L’Italie, d’abord attaquée par les agences de notation financière, est maintenant dans la ligne de mire des spéculateurs et des fonds d’investissement. Ce n’est pas tant la note de la dette italienne que les spécificités de cette dette qui provoquent l’inquiétude des marchés financiers. En effet, la note de la dette de long terme du pays est correcte, notamment au regard d’autres pays européens. Placée sous perspective négative en mai par S&P, l’Italie est néanmoins notée A+ par l’agence de notation, Aa2 par Moody’s et AA- par Fitch. Loin des niveaux atteints par la Grèce, l’Irlande ou le Portugal.
En fait, la crise souveraine grecque et le risque de contagion, psychose largement alimentée par les agences de notation, ont mis en évidence, au yeux des investisseurs, les faiblesses de la dette italienne. De quoi largement alimenter la spéculation. Depuis mai et la décision de S&P, la spéculation n’a cessé d’enfler, les opérateurs vendant leurs obligations et achetant des CDS, normalement utilisés pour se protéger contre un risque de défaut de paiement.

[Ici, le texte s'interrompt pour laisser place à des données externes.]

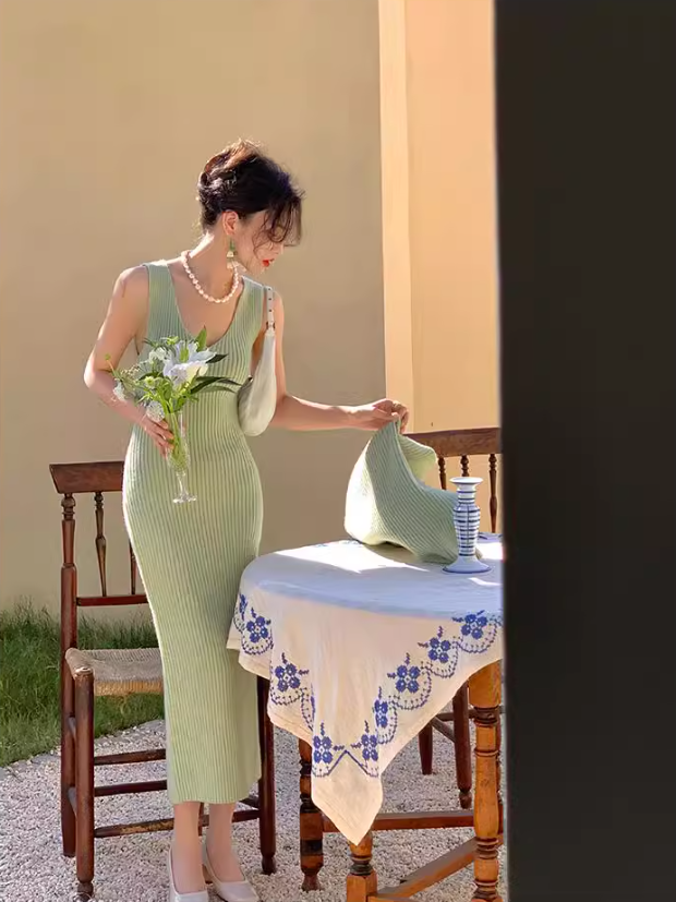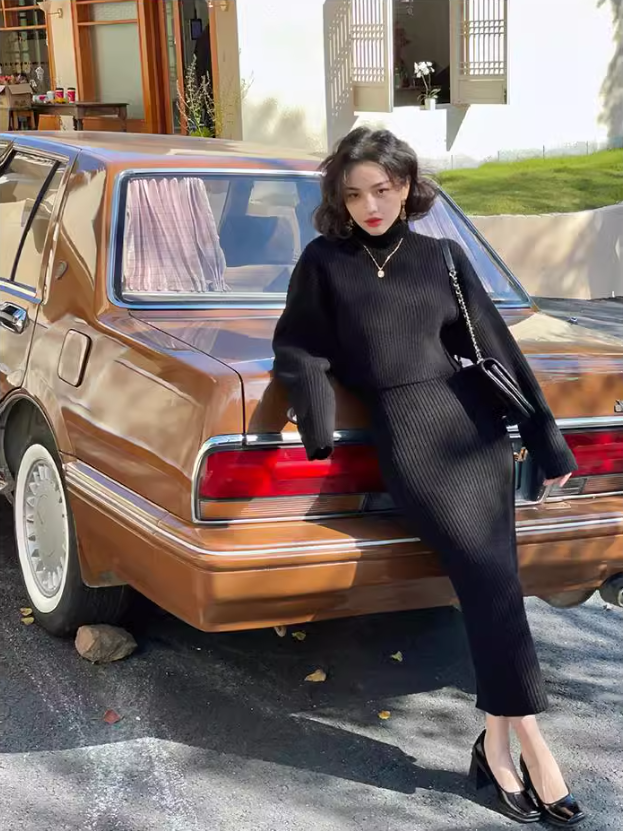 Half turtleneck two-piece knitted sweater dress ED0225

Cependant, au cours des derniers jours, le phénomène s’est amplifié à un rythme inquiétant puisque les taux italiens à dix ans évoluent désormais à des niveaux records, proches de la fourchette de 5.5%/5.7% qui est traditionnellement considérée comme critique par les banques.

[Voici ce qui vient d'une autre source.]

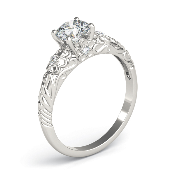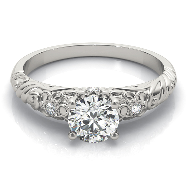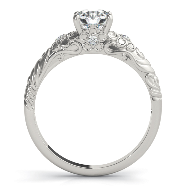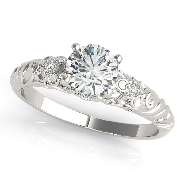 14k White Gold Engagement Ring with 1 – .5PT Round & 4 – .005PT Round Stones, equal to 1/2 carats total weight. This ring has an optional matching Wedding Band. Can be customized to fit any stone and in any material. Please contact Ronelli Corp for custom orders and modification information, as pricing may vary.

Pendant longtemps, afin de faire face au poids de la dette, Rome l’a écoulé via des contrats à terme, titres qui sont sécurisés pour une période de 8 à 11 ans, et qui sont considérés comme des instruments de couverture utilisés afin de compenser les risques des dettes publiques. Ces contrats à terme sont très lucratifs et peuvent faire l’objet de nombreux échanges. Depuis 2009, l’Italie a abondamment opté pour cette option, répondant à une demande du secteur bancaire qui tenait à se refaire une santé après la crise des subprimes. Grâce aux contrats à terme, l’Italie trouvait depuis plusieurs années facilement des investisseurs pour acheter sa dette, rivalisant ainsi en quelque sorte avec le Bund allemand. Les investisseurs y trouvaient facilement leur compte car, à chaque échange, ils prélevaient une marge sur les mouvements, de quoi enrichir un système financier en quête de nouvelles opportunités.
Cependant, le poids de la dette, en dépit de ce stratagème, est de plus en plus jugé intenable. En dépit d’un plan d’austérité de 47Mds d’euros approuvé en juin, les agences de notation, Moody’s la première, ont jugé ces efforts insuffisants. Les agences se focalisent sur les 800Mds d’euros d’obligations qui arrivent à échéance dans les prochaines années, montant que devra refinancer l’Italie. Si les taux sont maintenus à leur niveau actuel, cela signifierait une surcharge d’intérêts de plusieurs milliards d’euros par an. En d’autres termes, les économies annoncées par le gouvernement Berlusconi semblent incapables de répondre aux contraintes de la dette pour les prochaines années.
Evidemment, le climat actuel est propice à une crise d’hystérie des marchés financiers. Tout le monde, ou presque, parie sur un défaut de paiement de la Grèce et, il n’y a qu’un pas pour imaginer une contagion au reste de l’Europe. L’Italie, qui a de nombreuses faiblesses structurelles, est mal armée dans le cas d’une contagion réelle. Il suffit alors de quelques rumeurs pour affoler encore plus les marchés. La dernière en date fait état du manque de volonté des banques italiennes à acheter de la dette du pays. De quoi faire craindre le pire.
Les prochaines décisions de Bruxelles et de Rome seront scrutées de près. D’une certaine manière, l’Europe récolte simplement les fruits du laisser aller des dernières années en matière de dette publique et de déficit, les critères de Maastritch étant jugés par beaucoup de responsables européens comme optionnels. L’Italie, encore plus que d’autres, est responsable de la situation actuelle de ses finances publiques, notamment en ayant choisi l’ingéniérie financière, via les contrats à terme, pour se refinancer à bon compte sur les marchés financiers au lieu de s’attaquer plus tôt à la gestion des dépenses publiques.